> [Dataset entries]
----
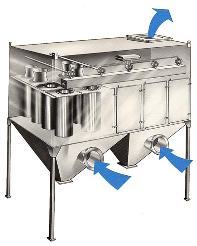 | Cleaned gas passes through the open top of the cartridge, through the venturi and into the clean air plenum. Periodically, a row of cartridges is pulsed with a reverse jet of high pressure air which dislodges collected dust into the hopper. The sequential cleaning cycle can be initiated either on a timed basis or by a high pressure signal. Single cartridge units can handle volumes from 400 to 30,000 cfm. Special designs can be engineered to suit any application. Typical ApplicationsBlast cleaning |
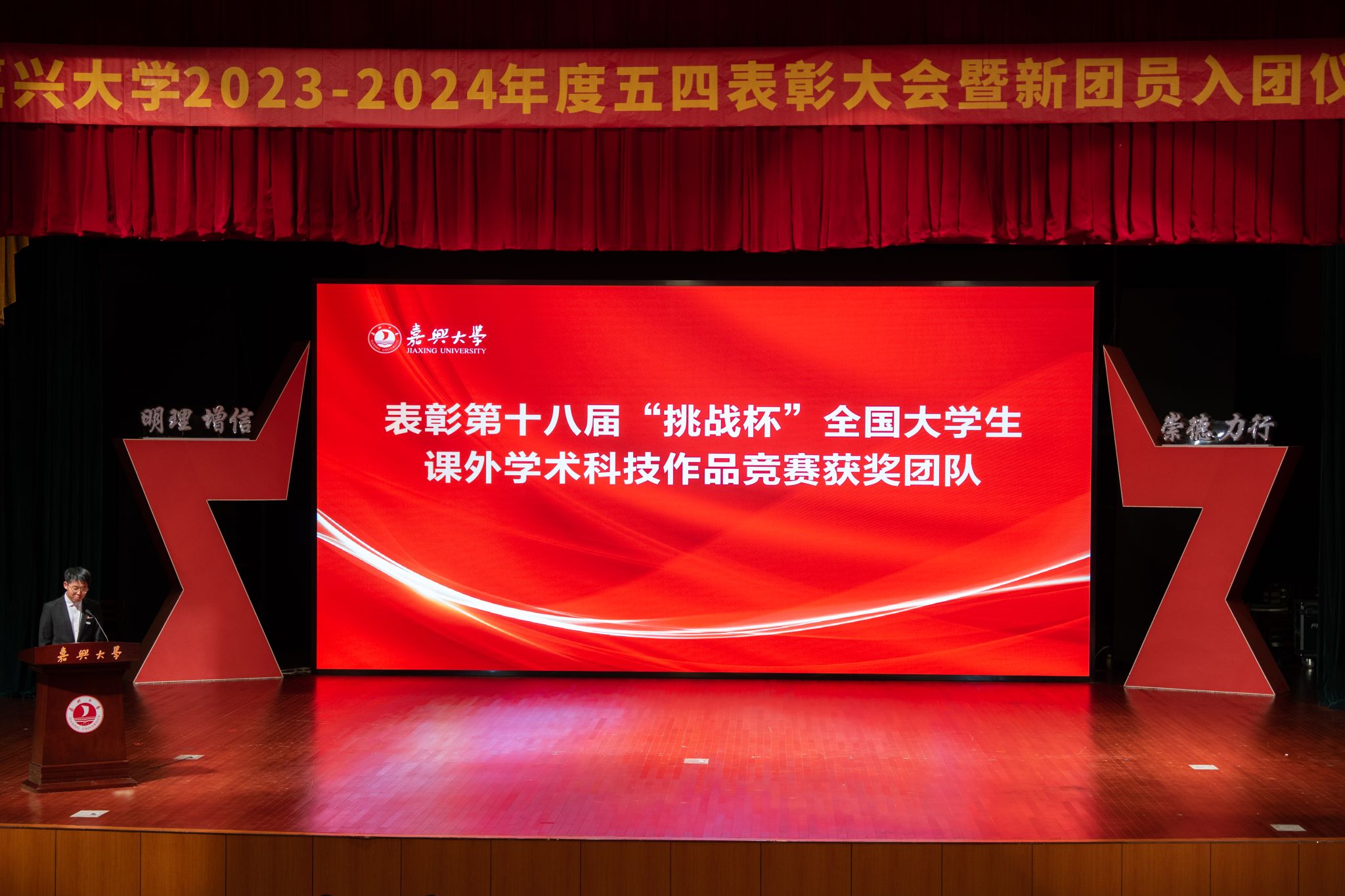2023-2024年度五四表彰大会,先后表彰了第十八届“挑战杯”全国大学生课外学术科技作品竞赛获奖团队、2023年度浙江省高校暑期社会实践优秀调研报告获奖团队、2023年度老虎机
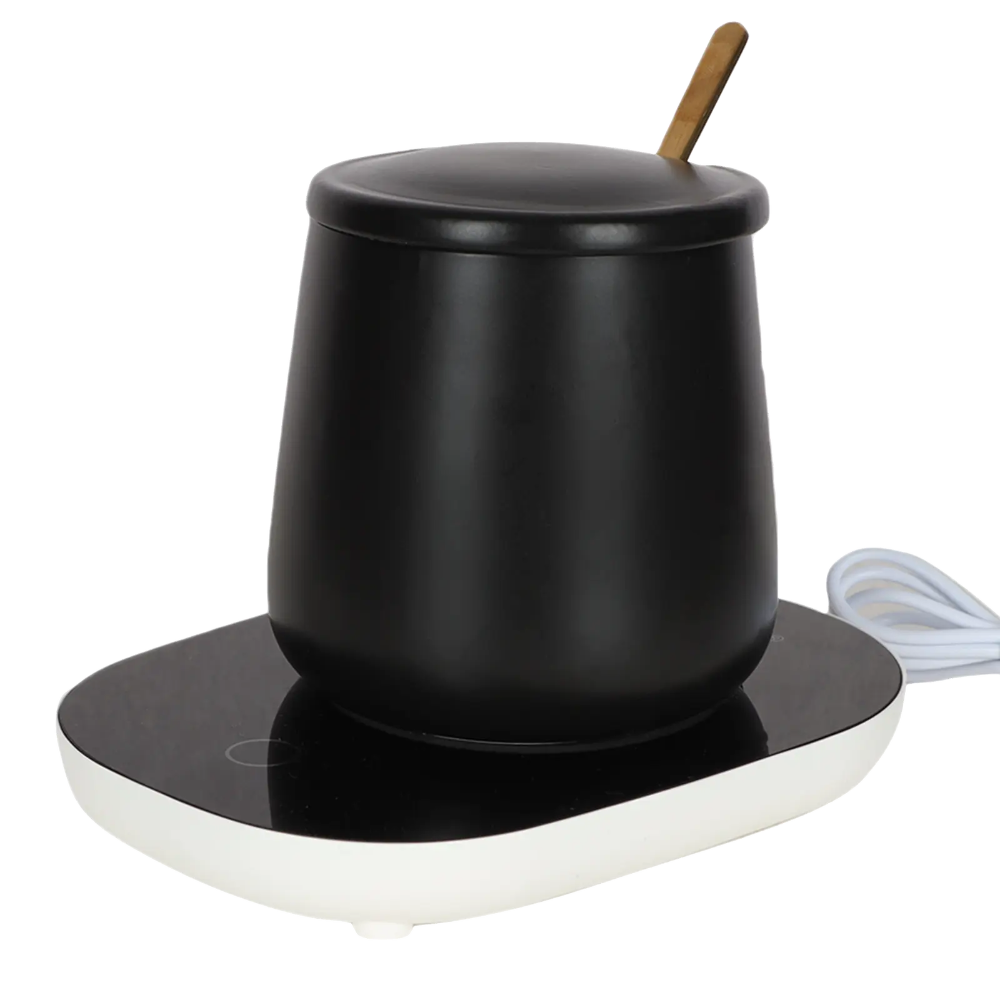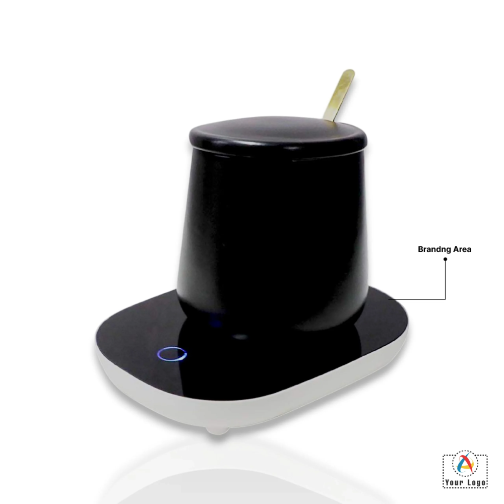 Product features: constant temperature at 55 celsius premium heating coaster Ideal temperature for beverages Ceramic mug & stainless steel spoon
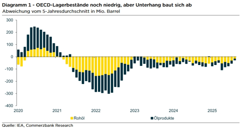 Die (zunächst) weiterhin steigende Ölförderung dämpfte die Sorgen vor einer Anspannung am Ölmarkt durch Sanktionen. So schätzt Reuters auf Basis von Umfragen, dass die OPEC-Produktion im Oktober weiter gestiegen ist.. --- Zwei der drei großen Energieagenturen gehen deshalb von einer massiven Überversorgung am Ölmarkt aus. Fakt ist jedoch auch, dass sich diese Überversorgung bislang nicht in den OECD-Lagerbeständen widerspiegelt. Diese liegen immer noch unterhalb des Fünf-Jahresdurchschnitts. Das hohe Ölangebot wird derzeit vor allem von China absorbiert.. --- Sollte sich eine Verlangsamung des Lageraufbaus in China abzeichnen, könnten die Ölpreise unter Druck geraten. --- Auch an den Industriemetallmärkten wird man nach Chinas Handelsbilanzzahlen auf die Produktionszahlen schauen. Allzu viel Euphorie erwarten wir allerdings nicht, da die Binnenkonjunktur – allen voran die Investitionen – weiterhin schwach ausfallen dürfte.. --- Gold dürfte als sicherer Hafen weiterhin gefragt bleiben..
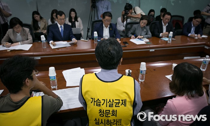 (서울=포커스뉴스) 박지원 국민의당 원내대표가 25일 오후 서울 여의도 국회 의원회관에서 가습기 살균제 피해자와 가족모임과의 면담을 하고 있다.
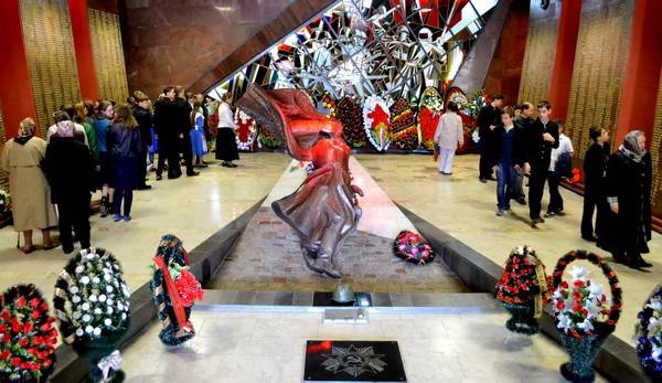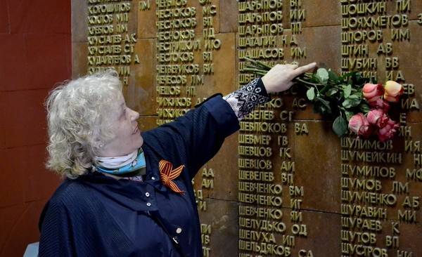 Сотни человек пришли в Зал Памяти, где на стенах высечены тысячи имён погибших защитников Воронежа.
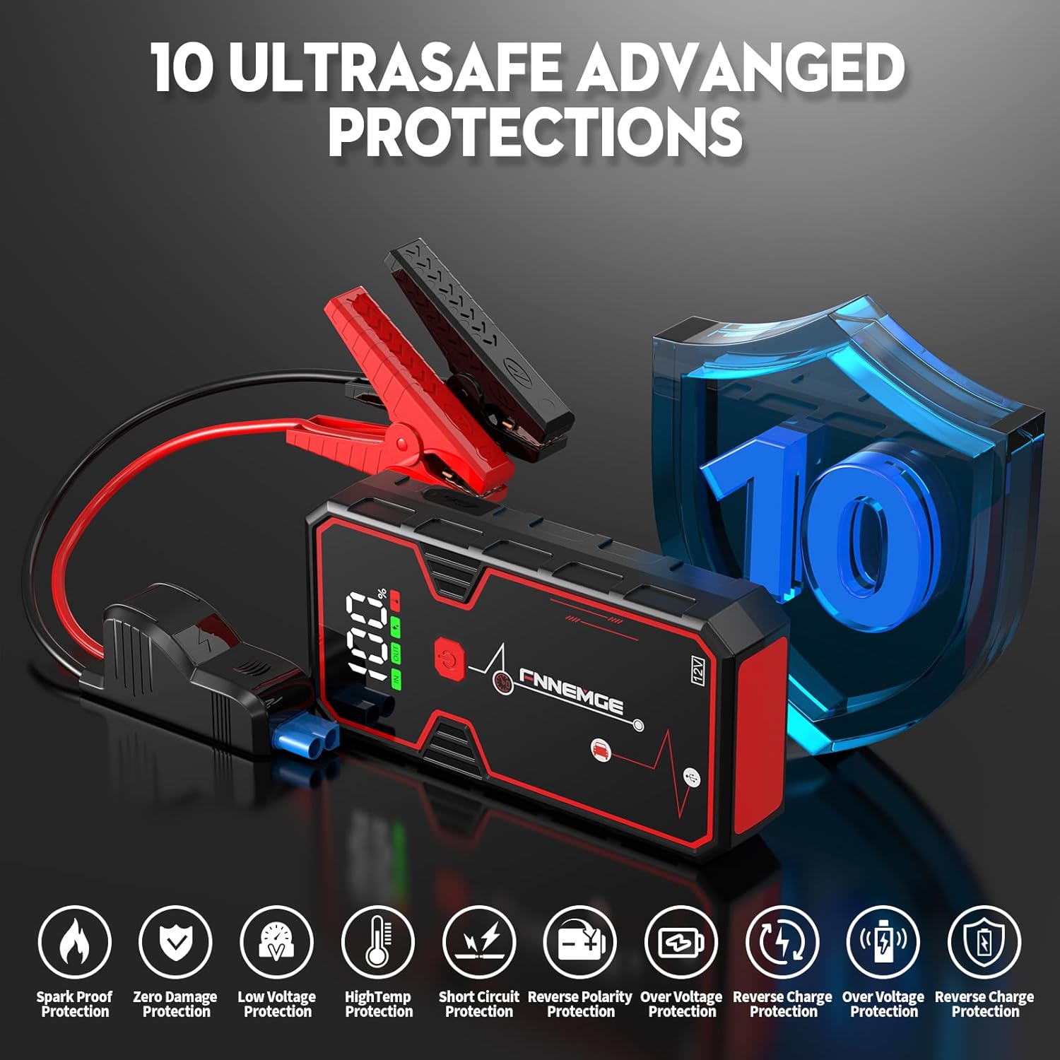 - 🚗 【WHAT YOU GET & WARRANTY】The FNNEMGE jump starter pack includes: 1 portable jump starter, 1 set of smart jumper cables, 1 USB-C charging cable, 1 storage box, and 1 user manual. We offer a 2-YEAR WARRANTY, Lifetime Technical Support, and Customer Service. If you have any questions during use, please reach out to us via the email address provided in the user manual.
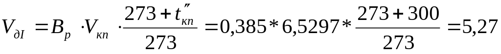 Объемный расход продуктов сгорания в водяном экономайзере:
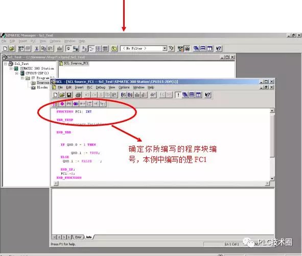 经过以上步骤,就完成了一个用 SCL 编写功能块的全过程, FC1 的源程序,保存 在“Sources”文件夹中,可随时打开进行修改。
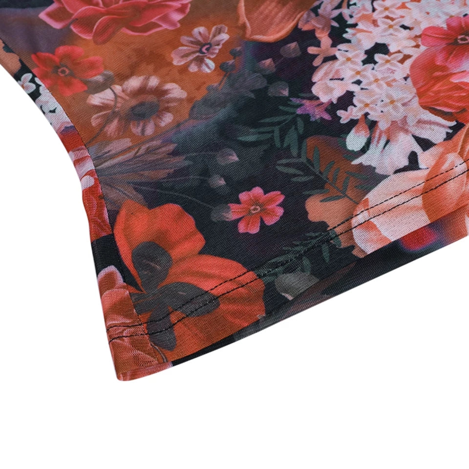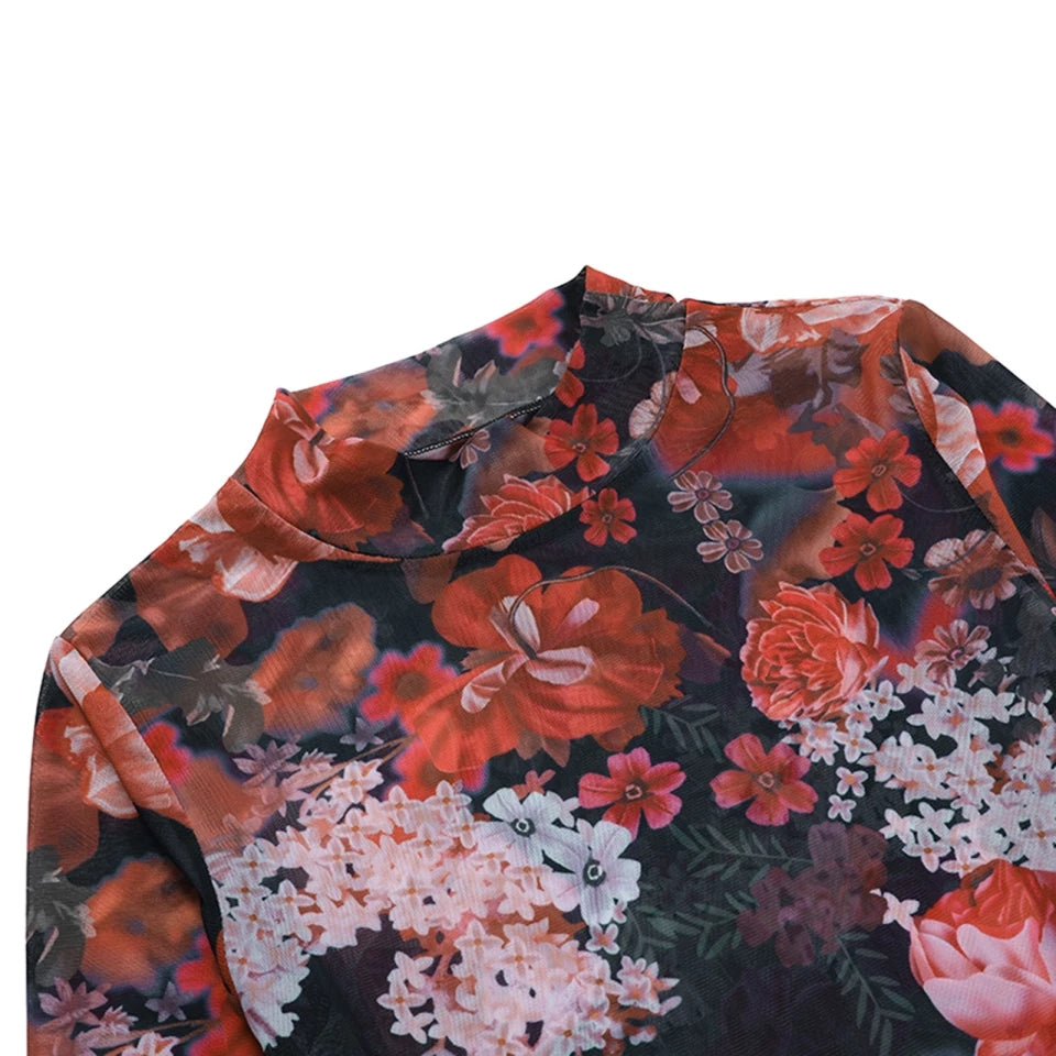 Elegant Rose Sheer Mesh Going out tops for women long sleeve full waist shirt floral colorful see through black red
----
> [Assignment]
Where the line containing "经过以上步骤,就完成了一个用 SCL 编写功能块的全过程, FC1" appears in the entries above, start there and set down every line exactly through the last one, inclusive; omit pictures.

> [Result below]
 经过以上步骤,就完成了一个用 SCL 编写功能块的全过程, FC1 的源程序,保存 在“Sources”文件夹中,可随时打开进行修改。
 Elegant Rose Sheer Mesh Going out tops for women long sleeve full waist shirt floral colorful see through black red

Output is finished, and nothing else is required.